WHAT THE TASK REQUIRES: Set down, exactly and with no pictures, the line that contains "如果您有興趣將 AppServ 架站的套件,改以獨立完成" and all lines after it in the listing.

GIVEN INFORMATION:
------------------------------------------------------------
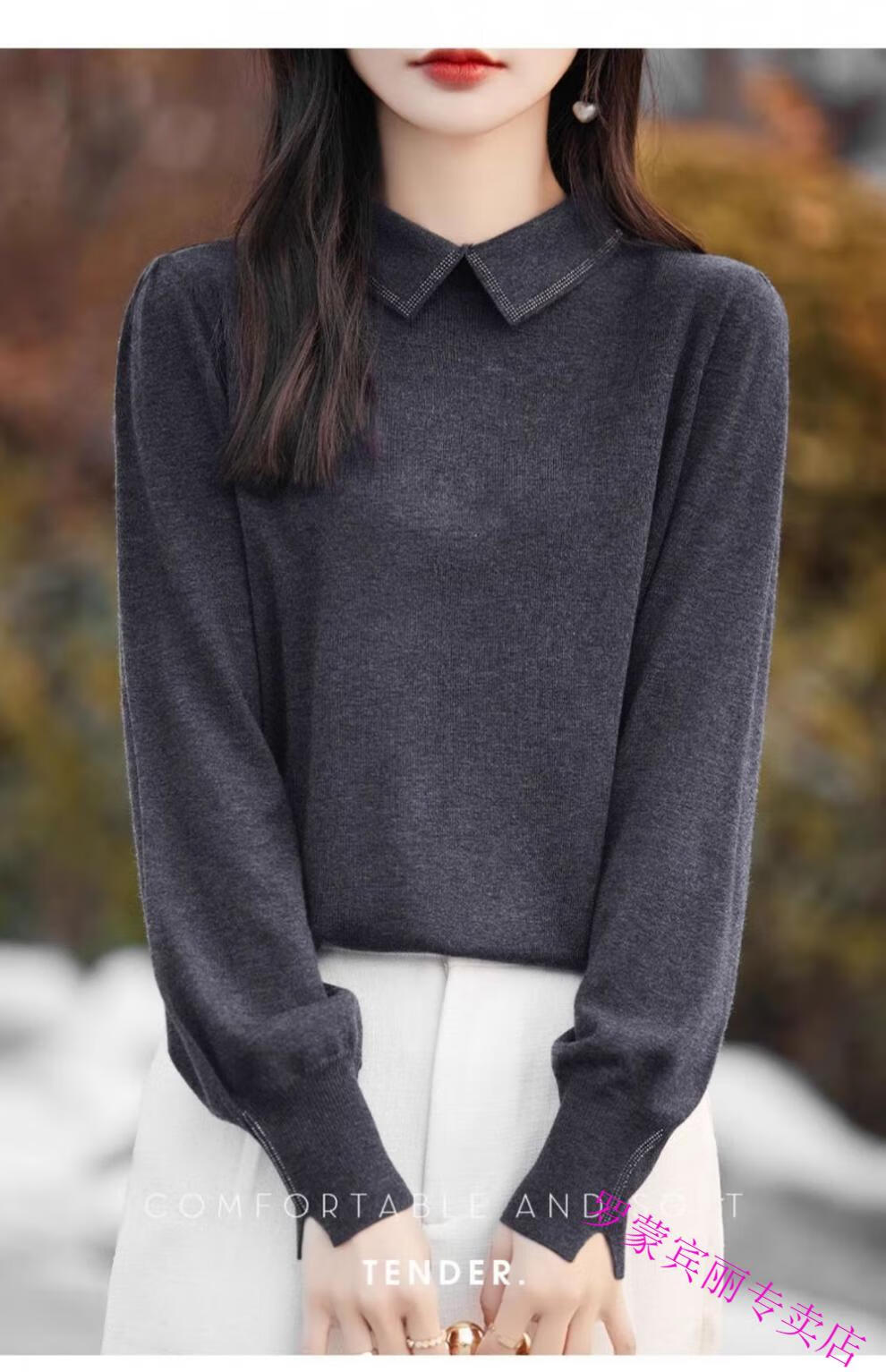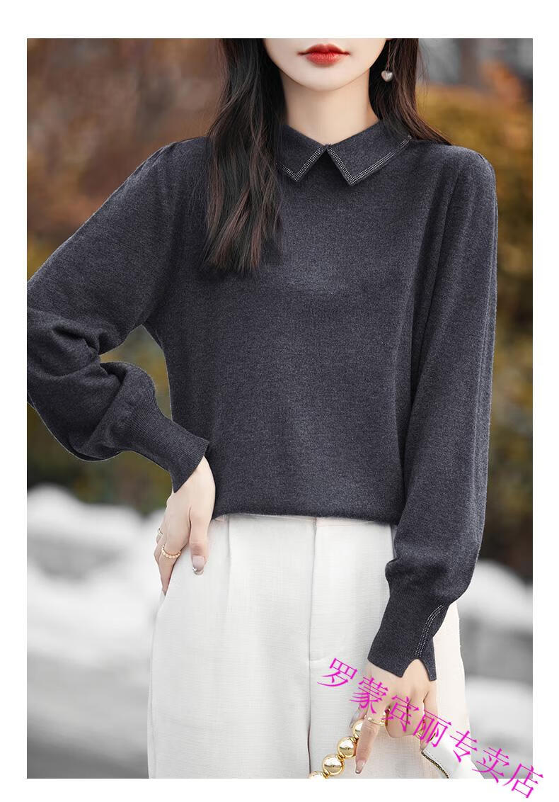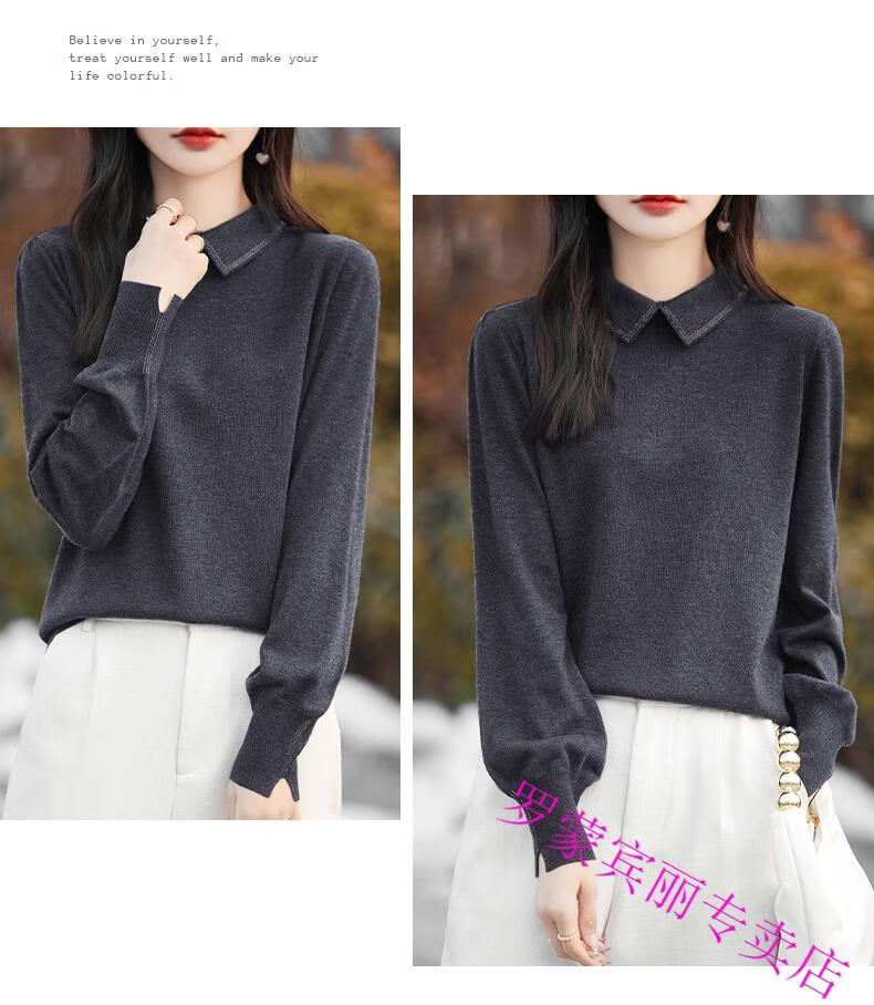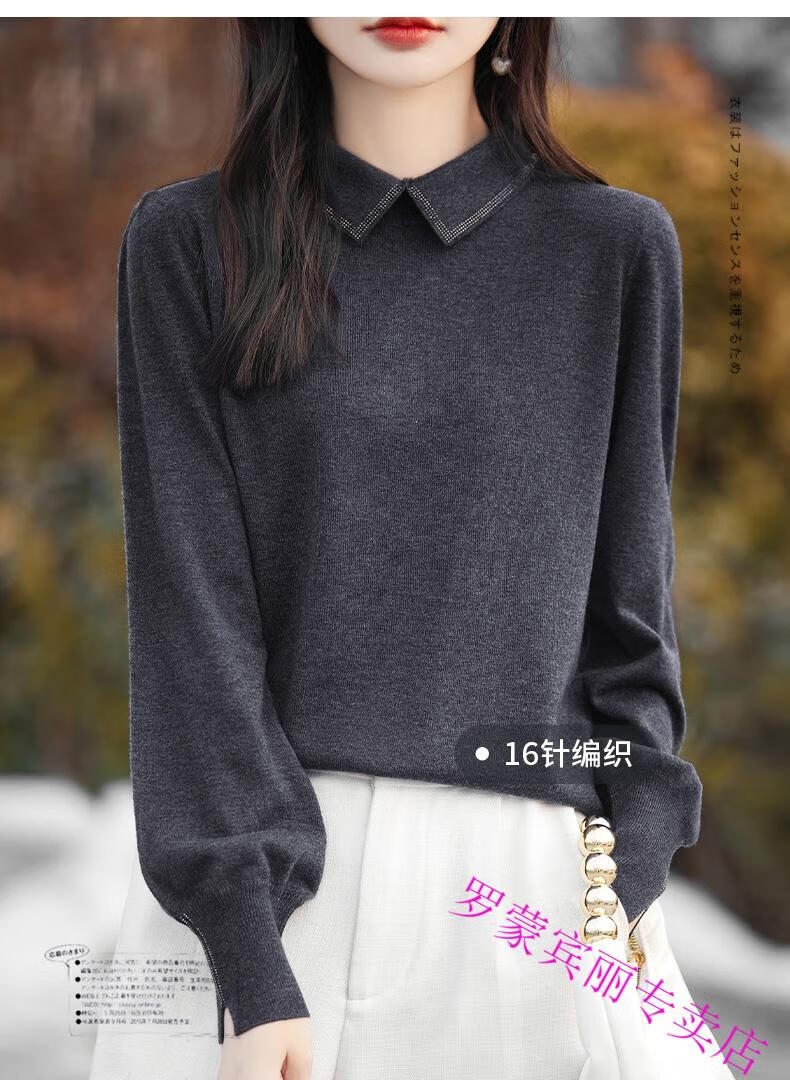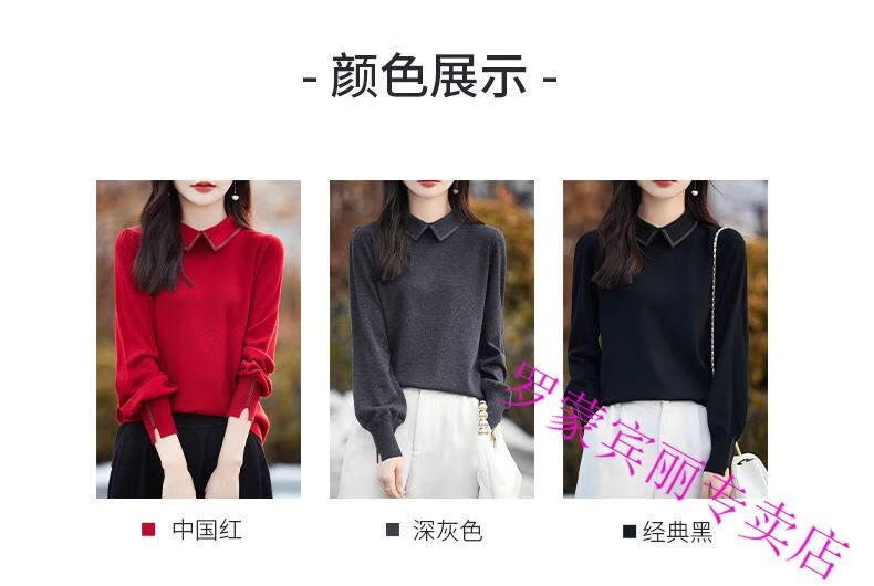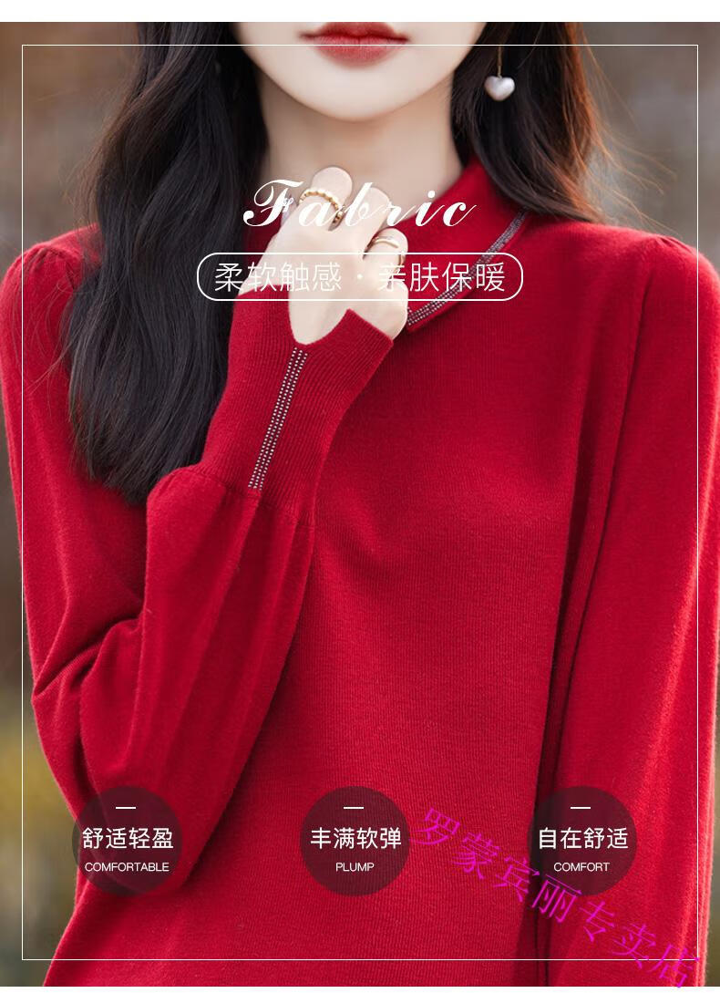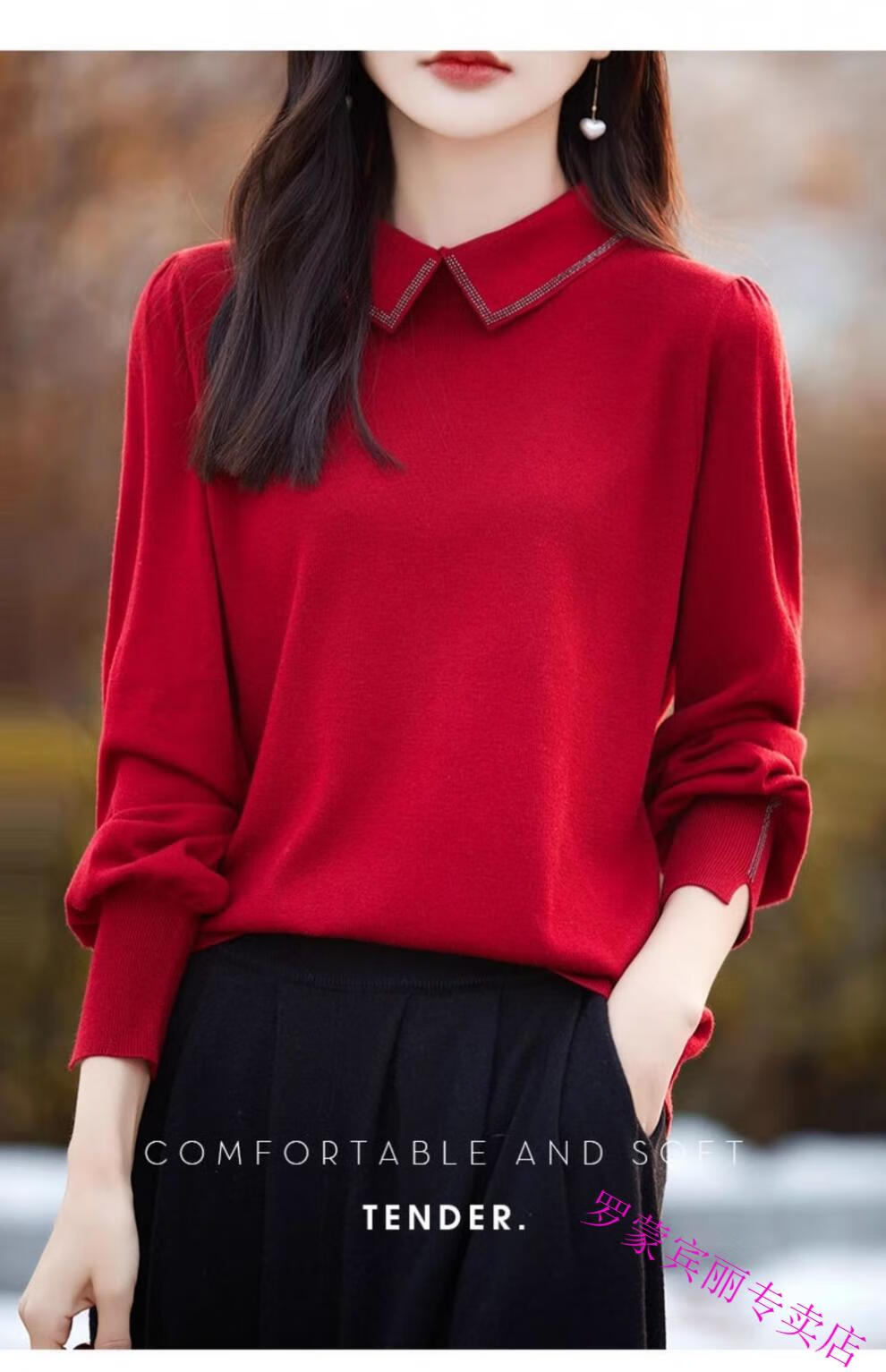 罗蒙(ROMON)纯羊毛衫烫钻翻领红色毛衣女春秋冬新款本命年衣服大码针织打底衫 100%羊毛绒-中国红-女装十大品牌 XL (115-130斤)
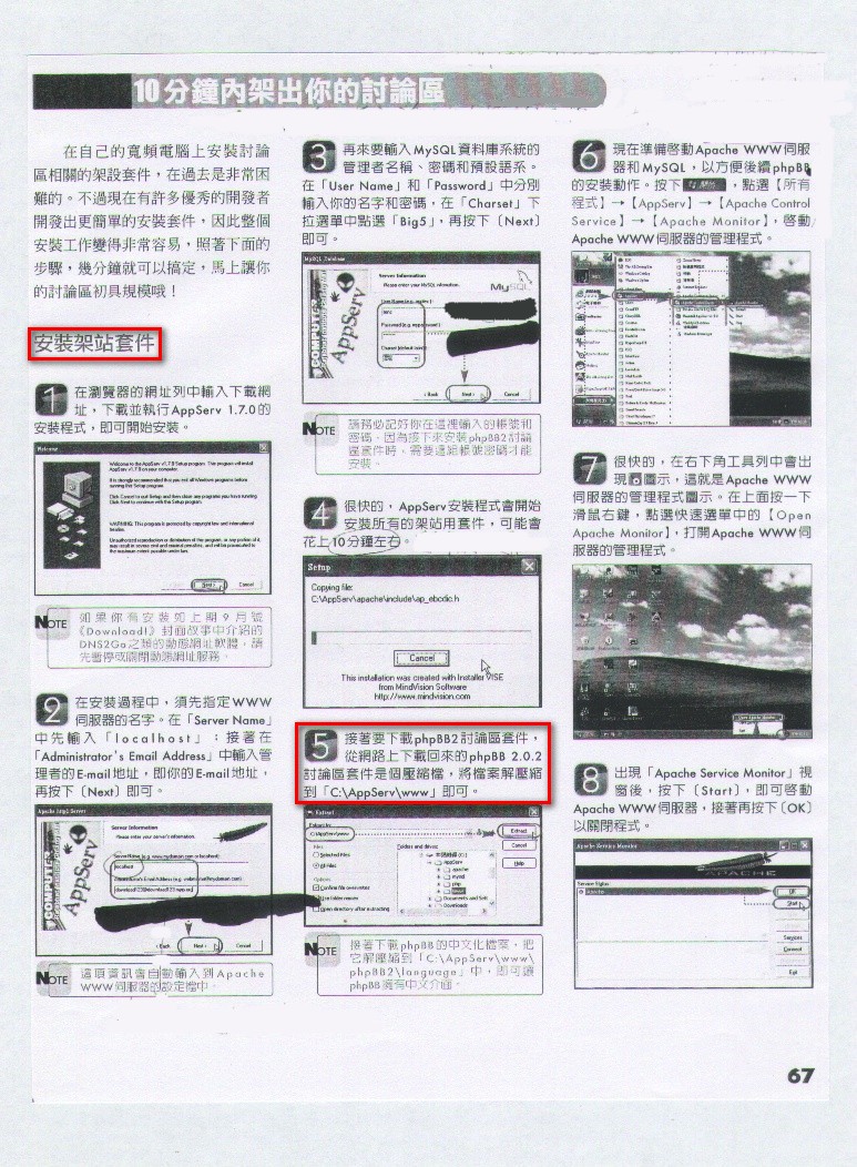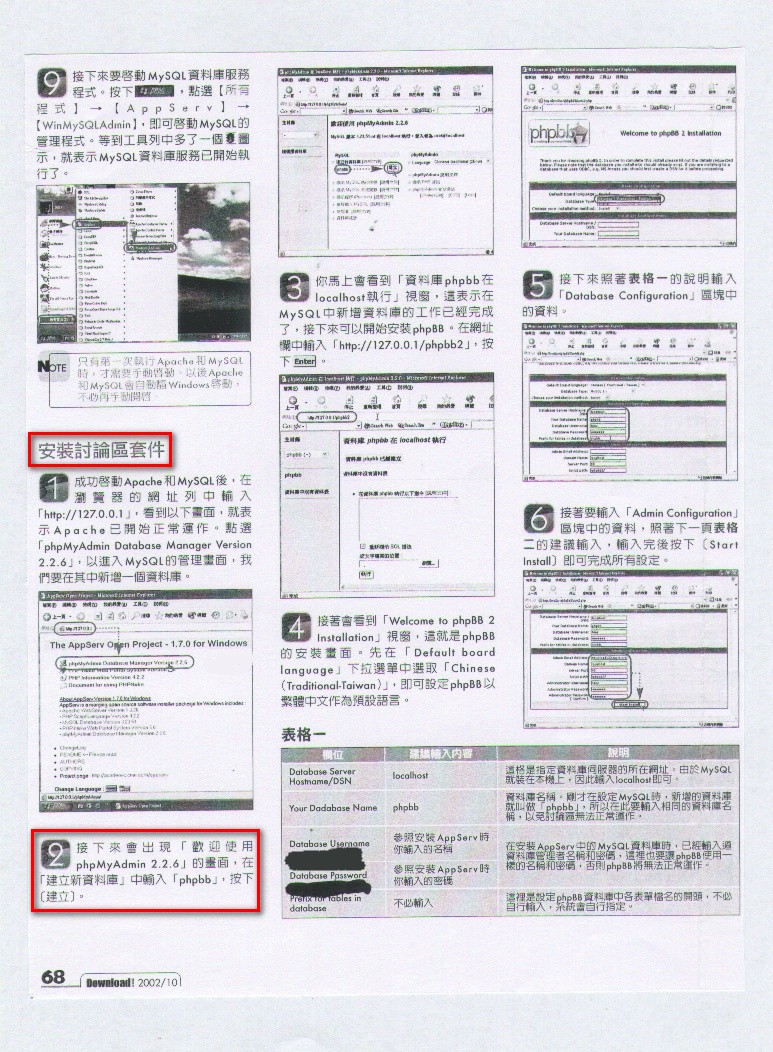 如果您有興趣將 AppServ 架站的套件,改以獨立完成 Apache、MySQL、PHP、phpMyAdmin 等之建立的話,
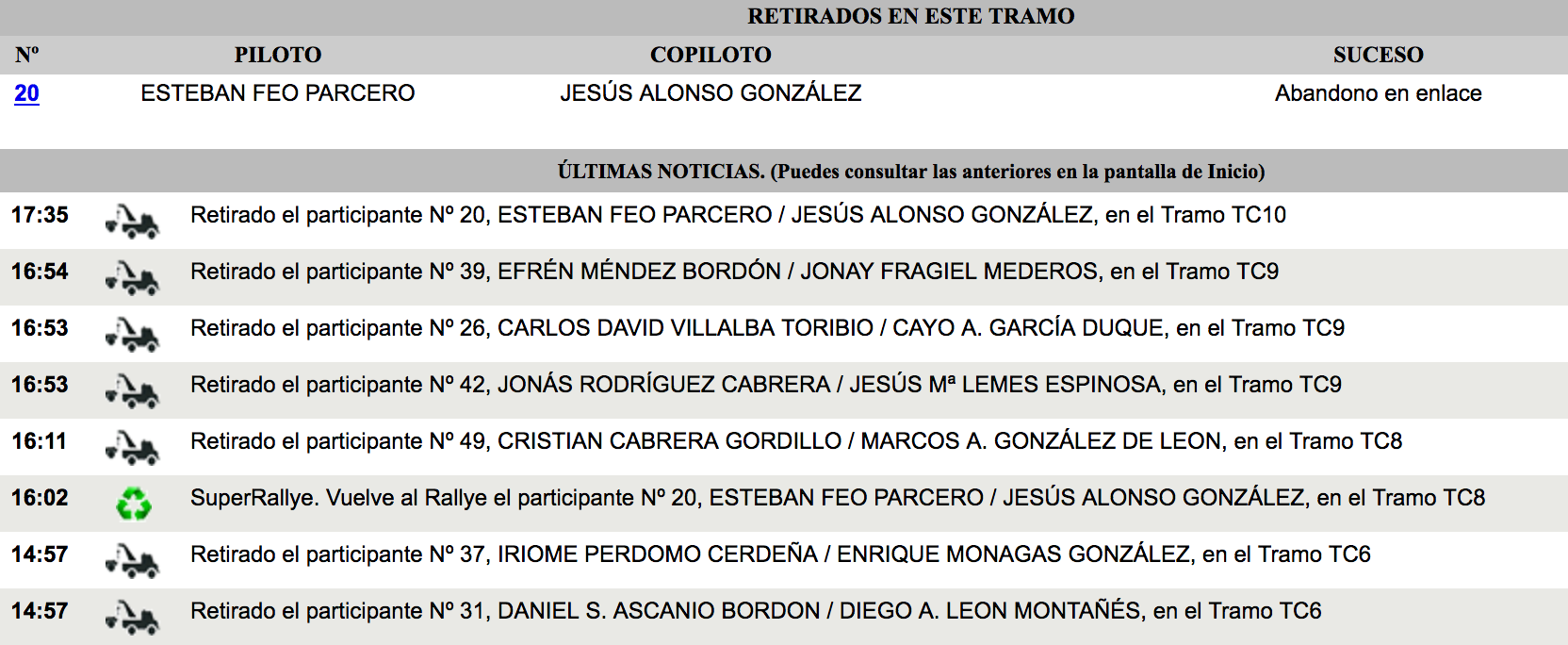 Toda la información de los tiempos en http://www.vmrm.net/rallie/2018/20prosario/online/tramos.php?on=1&idi=ES
------------------------------------------------------------
RESPONSE AREA:
 如果您有興趣將 AppServ 架站的套件,改以獨立完成 Apache、MySQL、PHP、phpMyAdmin 等之建立的話,
 Toda la información de los tiempos en http://www.vmrm.net/rallie/2018/20prosario/online/tramos.php?on=1&idi=ES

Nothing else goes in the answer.